_Dataset records:_

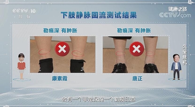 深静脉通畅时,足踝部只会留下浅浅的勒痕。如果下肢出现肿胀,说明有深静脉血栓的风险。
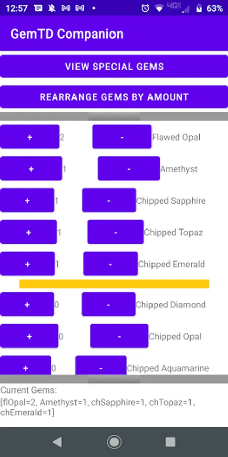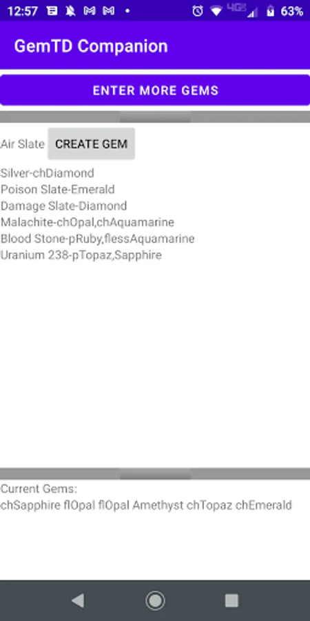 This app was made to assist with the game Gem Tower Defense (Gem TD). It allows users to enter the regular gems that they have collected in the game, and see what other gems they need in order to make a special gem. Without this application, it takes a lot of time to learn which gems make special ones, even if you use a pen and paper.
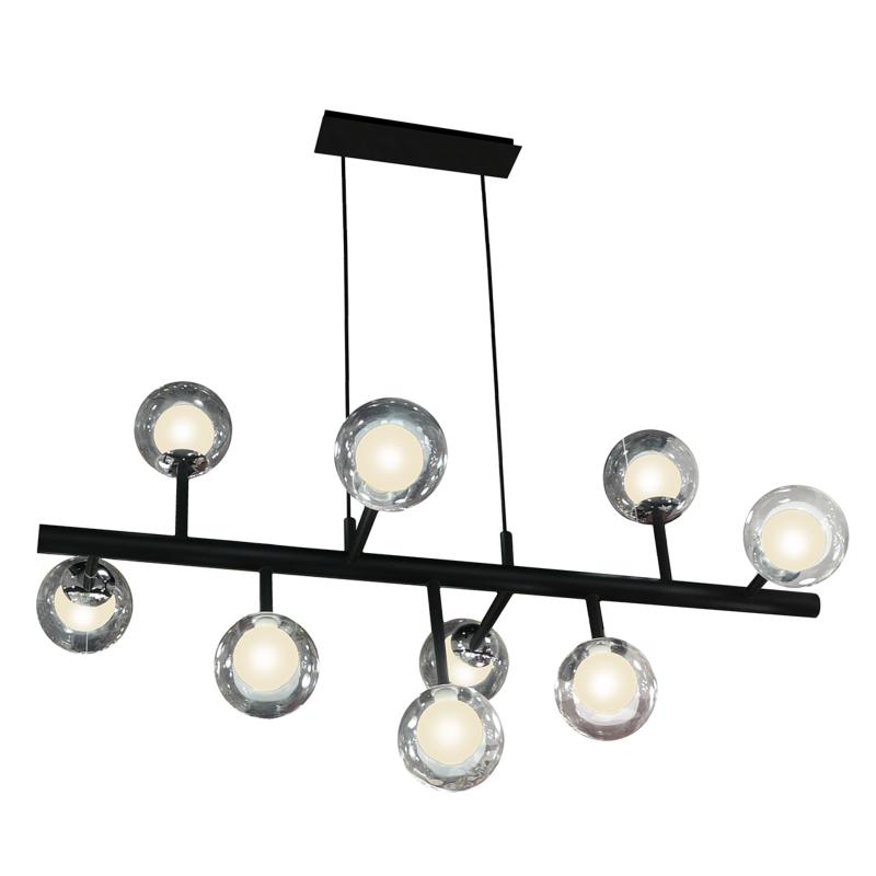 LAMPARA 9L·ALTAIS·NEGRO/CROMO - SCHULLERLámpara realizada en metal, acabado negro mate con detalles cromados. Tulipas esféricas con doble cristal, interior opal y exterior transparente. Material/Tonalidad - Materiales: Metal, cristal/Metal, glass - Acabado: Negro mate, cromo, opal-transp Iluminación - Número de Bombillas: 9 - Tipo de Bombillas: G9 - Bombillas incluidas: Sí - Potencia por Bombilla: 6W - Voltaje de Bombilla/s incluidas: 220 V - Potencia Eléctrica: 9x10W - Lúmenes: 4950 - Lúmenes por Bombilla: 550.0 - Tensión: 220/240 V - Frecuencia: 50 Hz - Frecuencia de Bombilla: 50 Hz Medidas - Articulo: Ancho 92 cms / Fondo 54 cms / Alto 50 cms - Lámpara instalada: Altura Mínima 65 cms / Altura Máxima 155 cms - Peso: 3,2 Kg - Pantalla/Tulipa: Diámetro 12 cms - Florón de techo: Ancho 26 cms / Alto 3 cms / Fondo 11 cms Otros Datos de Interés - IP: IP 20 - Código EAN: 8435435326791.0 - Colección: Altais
* * *
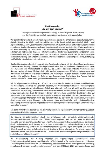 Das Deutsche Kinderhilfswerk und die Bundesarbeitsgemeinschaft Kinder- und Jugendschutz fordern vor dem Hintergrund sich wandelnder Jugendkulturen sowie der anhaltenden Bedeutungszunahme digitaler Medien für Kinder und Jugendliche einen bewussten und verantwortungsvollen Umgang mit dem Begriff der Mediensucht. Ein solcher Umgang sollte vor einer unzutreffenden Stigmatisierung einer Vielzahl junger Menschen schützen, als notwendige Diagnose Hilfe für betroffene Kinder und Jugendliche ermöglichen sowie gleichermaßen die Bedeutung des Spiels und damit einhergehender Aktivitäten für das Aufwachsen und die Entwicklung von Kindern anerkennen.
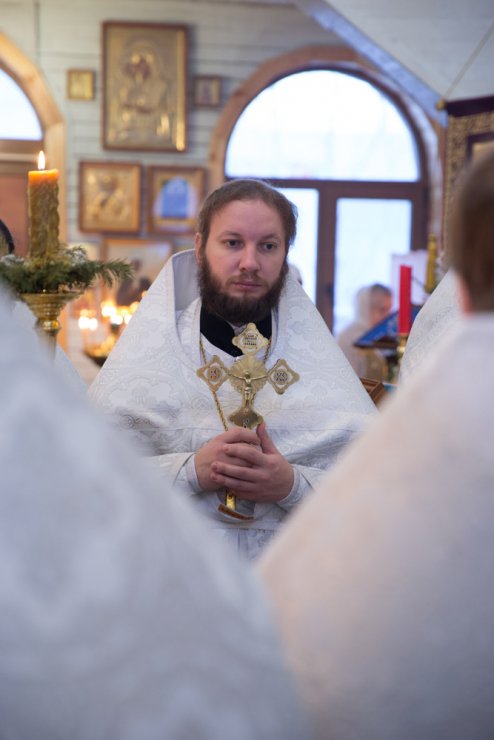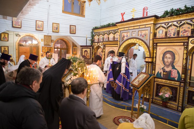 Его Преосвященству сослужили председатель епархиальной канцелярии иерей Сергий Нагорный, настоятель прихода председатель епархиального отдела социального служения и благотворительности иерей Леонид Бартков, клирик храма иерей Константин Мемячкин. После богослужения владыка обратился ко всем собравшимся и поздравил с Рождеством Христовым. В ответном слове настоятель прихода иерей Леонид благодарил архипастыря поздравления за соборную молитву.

_Your objective:_ Within the listing above, extract exactly the lines that run from the one containing "This app was" through the one containing "LAMPARA 9L·ALTAIS·NEGRO/CROMO - SCHULLERLámpara", excluding any pictures.

_Answer to the problem:_
 This app was made to assist with the game Gem Tower Defense (Gem TD). It allows users to enter the regular gems that they have collected in the game, and see what other gems they need in order to make a special gem. Without this application, it takes a lot of time to learn which gems make special ones, even if you use a pen and paper.
 LAMPARA 9L·ALTAIS·NEGRO/CROMO - SCHULLERLámpara realizada en metal, acabado negro mate con detalles cromados. Tulipas esféricas con doble cristal, interior opal y exterior transparente. Material/Tonalidad - Materiales: Metal, cristal/Metal, glass - Acabado: Negro mate, cromo, opal-transp Iluminación - Número de Bombillas: 9 - Tipo de Bombillas: G9 - Bombillas incluidas: Sí - Potencia por Bombilla: 6W - Voltaje de Bombilla/s incluidas: 220 V - Potencia Eléctrica: 9x10W - Lúmenes: 4950 - Lúmenes por Bombilla: 550.0 - Tensión: 220/240 V - Frecuencia: 50 Hz - Frecuencia de Bombilla: 50 Hz Medidas - Articulo: Ancho 92 cms / Fondo 54 cms / Alto 50 cms - Lámpara instalada: Altura Mínima 65 cms / Altura Máxima 155 cms - Peso: 3,2 Kg - Pantalla/Tulipa: Diámetro 12 cms - Florón de techo: Ancho 26 cms / Alto 3 cms / Fondo 11 cms Otros Datos de Interés - IP: IP 20 - Código EAN: 8435435326791.0 - Colección: Altais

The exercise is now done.